As described above, since the sensor 1 of the present invention is provided with the metal plate 12, it is irradiated with light under the same conditions as the semiconductor wafer 7, so that the temperature of both changes with a certain correlation, and the end of the wire 11 is welded. Because it is integrally connected to the metal plate 12, the area that receives light is larger than that of conventional thermocouple contacts, and the influence of the amount of heat that escapes by conducting through the wire 11 is also reduced, resulting in good responsiveness and accuracy. Can measure temperature. In addition, since the metal plate 12 and the wire 11 are sealed in the transparent container 14, there is no possibility that they will contaminate the object to be processed. Since the gas is filled, the metal 8i12 will not be oxidized and the performance will not deteriorate.Furthermore, the thermal response can be controlled by selecting the vacuum or the type of non-oxidizing gas to be filled. . This is because, although a vacuum improves the temperature rise characteristics, the cooling characteristics slow down, and filling with dregs conversely improves the cooling characteristics, and the characteristics also change depending on the S type gas. Incidentally, in the above embodiment filled with argon gas, the workpiece was
When using a silicon wafer with a diameter of 4 inches and increasing the temperature at a rate of about 200'C/sec, the temperature rise characteristic of the rise detected by this sensor 1 shows approximately 160°C, indicating a sufficiently fast response. was confirmed, and also showed faster response when the temperature was lowered.

Even if the metal plate connecting the ends of a pair of metal wires is a so-called metal thin film on a quartz substrate, the same method as in this example can be applied by detecting the change in the resistance value of the metal thin film as the temperature rises. Can measure temperature with good reproducibility.

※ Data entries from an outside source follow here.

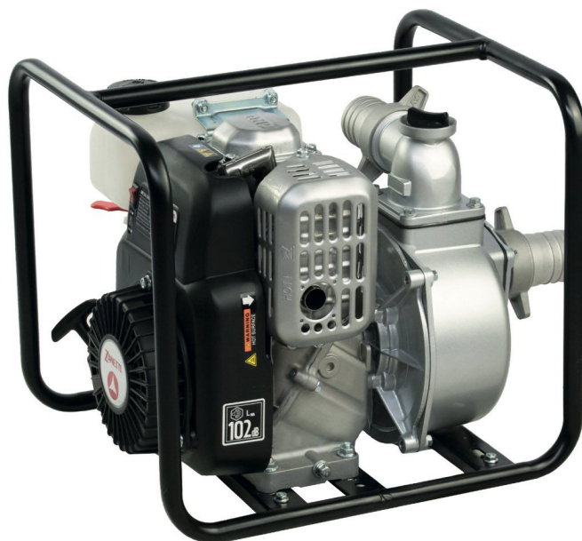
ZEN 40-130 BA
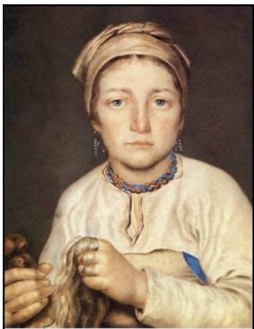
А. Г. Венецианов. Крестьянка, расчесывающая лён. 1822

Убрать лён со стлица полагалось к осеннему празднику Казанской иконы Божьей Матери (22 октября / 4 ноября).
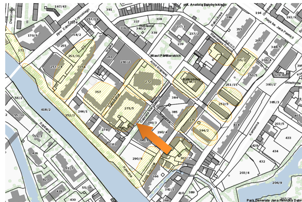
Obszar stanowiska na mapie – https://mapy.gis.kolobrzeg.pl

Ochrona polega na ograniczeniu ingerencji w grunt. Prowadzenie wszelkich prac związanych z ingerencją w grunt, w tym robót budowlanych wymaga uzyskania pozwolenia od wojewódzkiego konserwatora zabytków. W przypadku prowadzenia robót ziemnych, związanych z inwestycjami, należy przeprowadzić archeologiczne badania terenowe w niezbędnym zakresie, który zgodnie z art. 31 ustawy z dnia 23.07.2003 r. określi na wniosek inwestora wojewódzki konserwator zabytków.
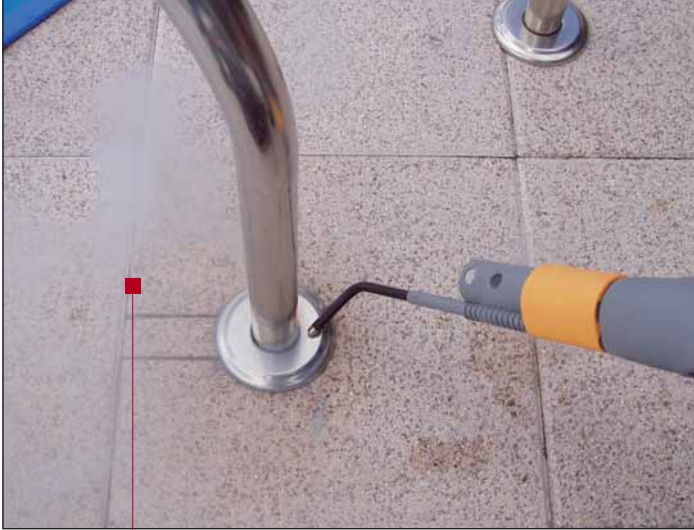
Über eine Lanze gelangt der heiße Dampf in jede Ritze
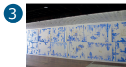
3 Espace René Greisch 1 er étage Dany Danino
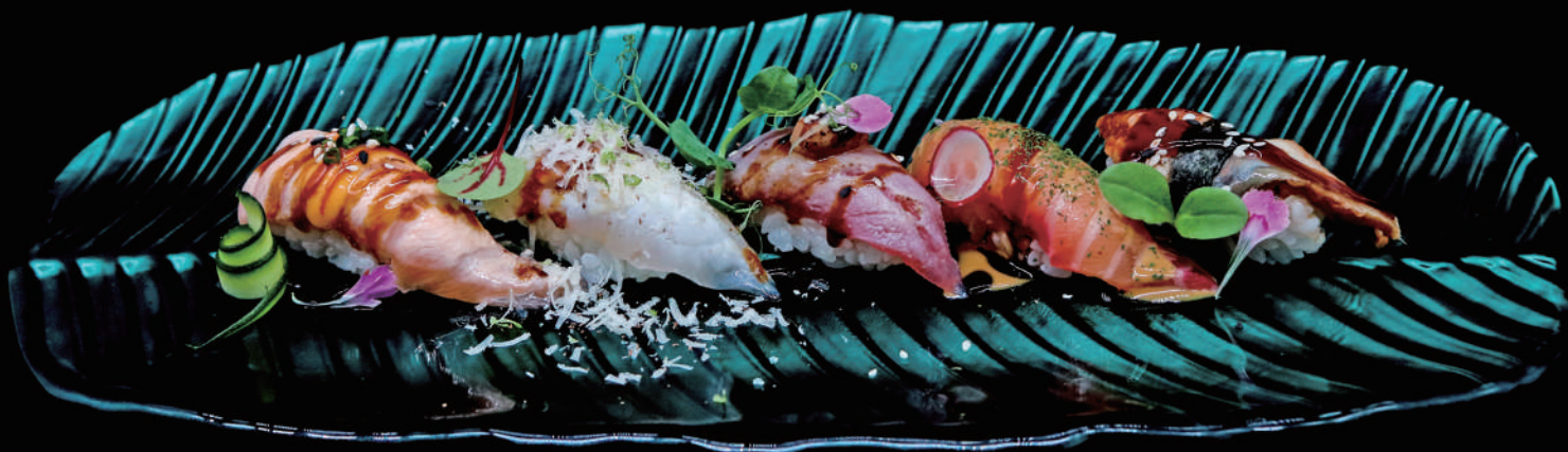
373 - N. MIX SPECIAL
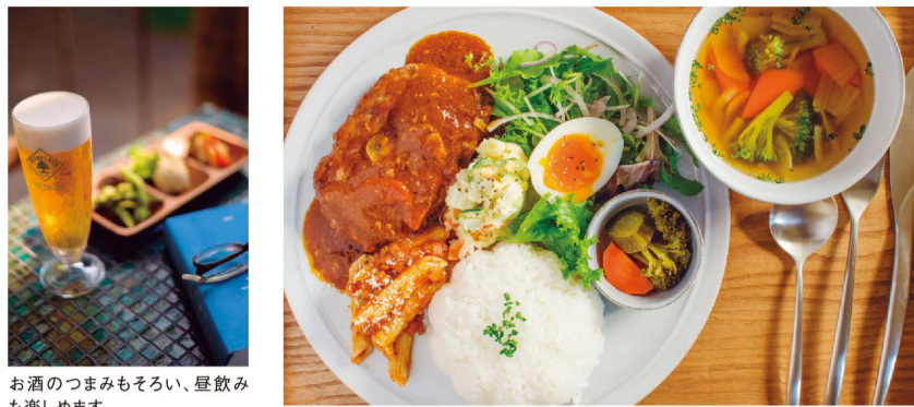
お酒のつまみもそろい、昼飲みも楽しめます
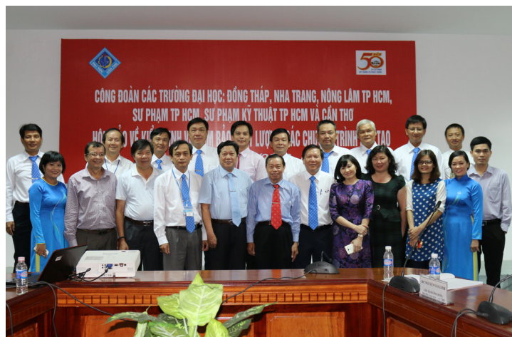
Đại biểu chụp ảnh lưu niệm.

Nằm trong chuỗi hoạt động giao lưu, trao đổi kinh nghiệm công tác với công đoàn các trường đại học liên kết trong 15 năm qua nhằm chào mừng 50 năm ngày thành lập của Trường ĐHCT (31/3/1966-31/3/2016), ngày 26/3/2016, Công đoàn Trường ĐHCT tổ chức Hội thảo kiểm định và đảm bảo chất lượng chương trình đào tạo nhằm chia sẻ những kinh nghiệm giúp cho Công đoàn làm tốt chức năng tham gia quản lý Nhà trường, giáo dục và động viên đoàn viên làm tốt nhiệm vụ chuyên môn, không ngừng nâng cao chất lượng đào tạo để Nhà trường có thể cạnh tranh và phát triển trong bối cảnh hội nhập quốc tế.

As explained above, the sensor of the present invention connects each end of a pair of metal wires to a metal plate or metal thin film to form an integrated heat-sensitive element, and this metal or metal thin film is evacuated. Or, since it is airtightly sealed in a light-transmitting container filled with non-oxidizing gas, it does not contaminate the workpiece, and has good responsiveness and temperature measurement accuracy, making it suitable for temperature control in light irradiation furnaces. It is possible to provide a sensor with

[Brief explanation of the drawing]

FIG. 1 is a front view of an embodiment of the present invention, FIG. 2 is a front sectional view of how the sensor is used, and FIG. 3 is a side sectional view.

Claims (1)

[Claims] Each end of a pair of metal wires is connected to a metal plate or metal thin film to form an integral heat-sensitive element, and the metal plate or metal thin film is evacuated or filled with a non-oxidizing gas. A sensor that is hermetically sealed inside a container.